*** Records shown ***

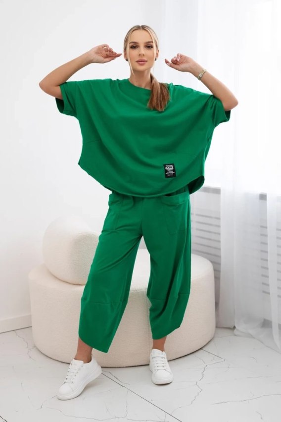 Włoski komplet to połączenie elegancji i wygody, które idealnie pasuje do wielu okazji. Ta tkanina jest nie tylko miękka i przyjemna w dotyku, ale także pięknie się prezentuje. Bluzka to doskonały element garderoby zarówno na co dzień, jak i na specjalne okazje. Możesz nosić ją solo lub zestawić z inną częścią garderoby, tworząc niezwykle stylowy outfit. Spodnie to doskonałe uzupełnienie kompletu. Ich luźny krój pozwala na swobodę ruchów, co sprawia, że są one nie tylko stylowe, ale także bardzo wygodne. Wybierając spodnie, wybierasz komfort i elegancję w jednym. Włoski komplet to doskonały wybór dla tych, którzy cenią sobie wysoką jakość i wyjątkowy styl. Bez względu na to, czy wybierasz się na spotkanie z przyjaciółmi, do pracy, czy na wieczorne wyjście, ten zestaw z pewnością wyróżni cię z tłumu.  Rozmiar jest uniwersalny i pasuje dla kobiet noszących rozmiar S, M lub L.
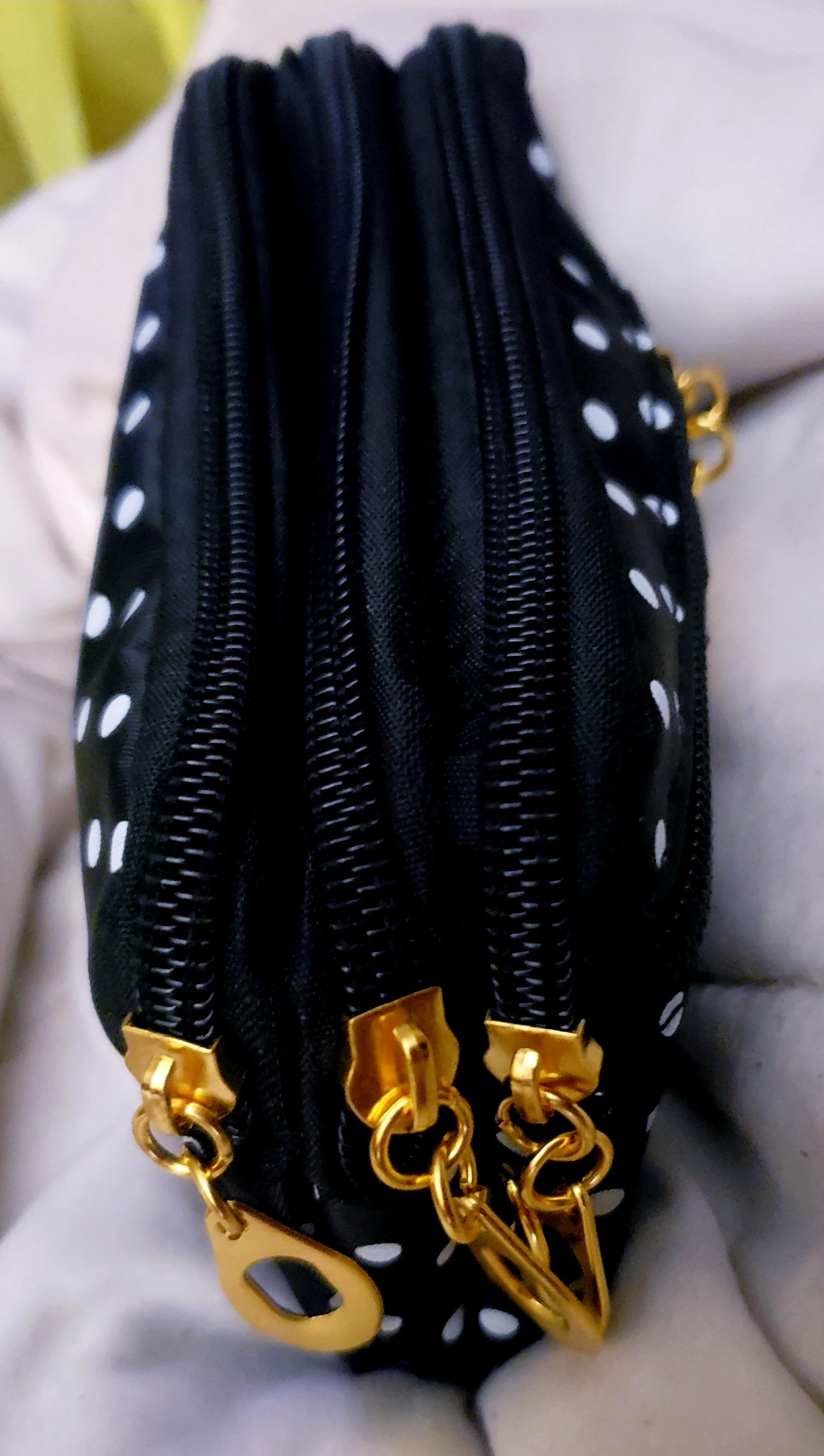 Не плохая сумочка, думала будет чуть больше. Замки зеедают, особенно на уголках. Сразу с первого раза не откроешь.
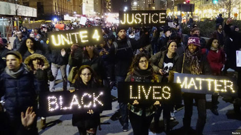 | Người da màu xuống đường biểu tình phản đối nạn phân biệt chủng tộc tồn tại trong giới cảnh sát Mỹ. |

***
*** Records shown ***

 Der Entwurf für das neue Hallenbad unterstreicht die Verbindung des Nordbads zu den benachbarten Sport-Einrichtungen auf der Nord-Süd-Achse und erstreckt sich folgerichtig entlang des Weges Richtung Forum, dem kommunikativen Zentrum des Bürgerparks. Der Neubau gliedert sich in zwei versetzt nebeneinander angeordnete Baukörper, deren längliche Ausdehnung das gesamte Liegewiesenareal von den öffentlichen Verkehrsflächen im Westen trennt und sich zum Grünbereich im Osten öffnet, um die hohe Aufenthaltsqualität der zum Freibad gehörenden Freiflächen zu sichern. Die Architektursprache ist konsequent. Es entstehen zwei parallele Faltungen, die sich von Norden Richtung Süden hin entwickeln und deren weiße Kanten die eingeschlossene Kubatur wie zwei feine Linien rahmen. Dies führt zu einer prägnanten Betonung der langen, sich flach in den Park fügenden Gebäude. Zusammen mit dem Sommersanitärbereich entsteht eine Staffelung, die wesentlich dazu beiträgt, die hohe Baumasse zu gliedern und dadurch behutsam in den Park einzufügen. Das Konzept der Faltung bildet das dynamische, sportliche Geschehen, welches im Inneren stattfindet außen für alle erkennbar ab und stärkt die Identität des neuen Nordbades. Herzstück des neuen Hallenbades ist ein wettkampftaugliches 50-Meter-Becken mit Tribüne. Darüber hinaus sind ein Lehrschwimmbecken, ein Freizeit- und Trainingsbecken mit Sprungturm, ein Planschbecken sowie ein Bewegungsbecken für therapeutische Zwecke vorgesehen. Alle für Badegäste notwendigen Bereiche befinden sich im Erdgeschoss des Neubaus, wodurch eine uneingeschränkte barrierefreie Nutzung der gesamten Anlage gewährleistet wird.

***
*** Records shown ***

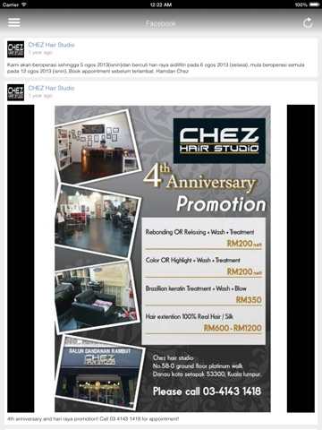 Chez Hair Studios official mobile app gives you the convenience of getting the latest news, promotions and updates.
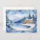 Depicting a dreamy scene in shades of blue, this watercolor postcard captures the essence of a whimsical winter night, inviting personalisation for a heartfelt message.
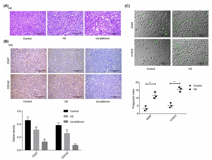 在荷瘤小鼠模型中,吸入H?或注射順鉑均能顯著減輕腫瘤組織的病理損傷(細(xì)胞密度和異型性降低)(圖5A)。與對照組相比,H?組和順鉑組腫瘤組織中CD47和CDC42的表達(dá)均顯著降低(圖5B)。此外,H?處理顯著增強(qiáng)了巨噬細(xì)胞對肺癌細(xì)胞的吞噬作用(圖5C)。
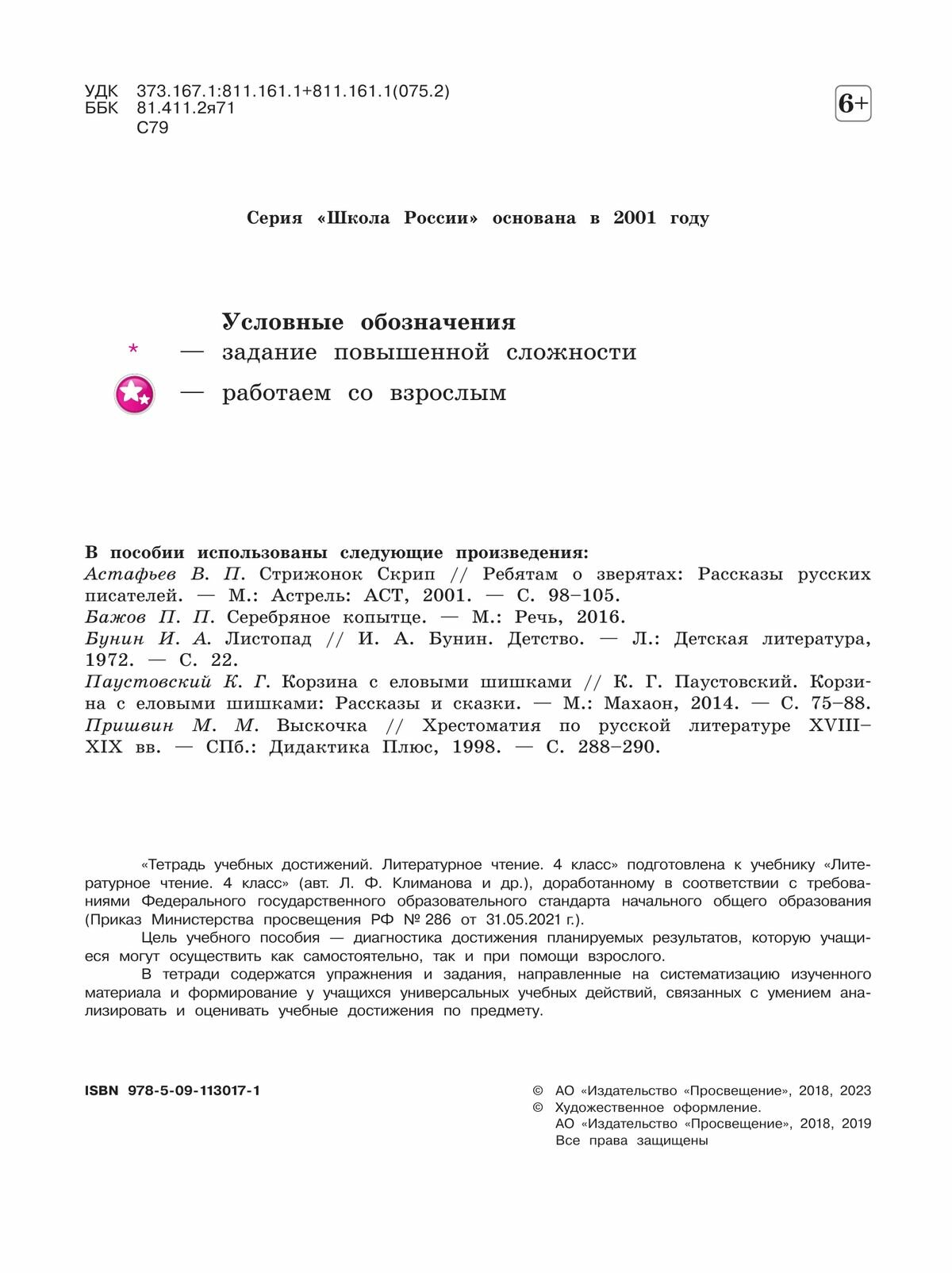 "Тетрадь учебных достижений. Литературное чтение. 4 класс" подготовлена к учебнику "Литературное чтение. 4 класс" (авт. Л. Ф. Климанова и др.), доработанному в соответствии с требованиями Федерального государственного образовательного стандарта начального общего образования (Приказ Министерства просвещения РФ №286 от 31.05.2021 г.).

***

■ Problem statement:
Where a picture appears in the records above, omit it, and transcribe exactly the stretch of lines from the one with "Chez Hair Studios" through the one with "Depicting a dreamy".

■ Task response:
 Chez Hair Studios official mobile app gives you the convenience of getting the latest news, promotions and updates.
 Depicting a dreamy scene in shades of blue, this watercolor postcard captures the essence of a whimsical winter night, inviting personalisation for a heartfelt message.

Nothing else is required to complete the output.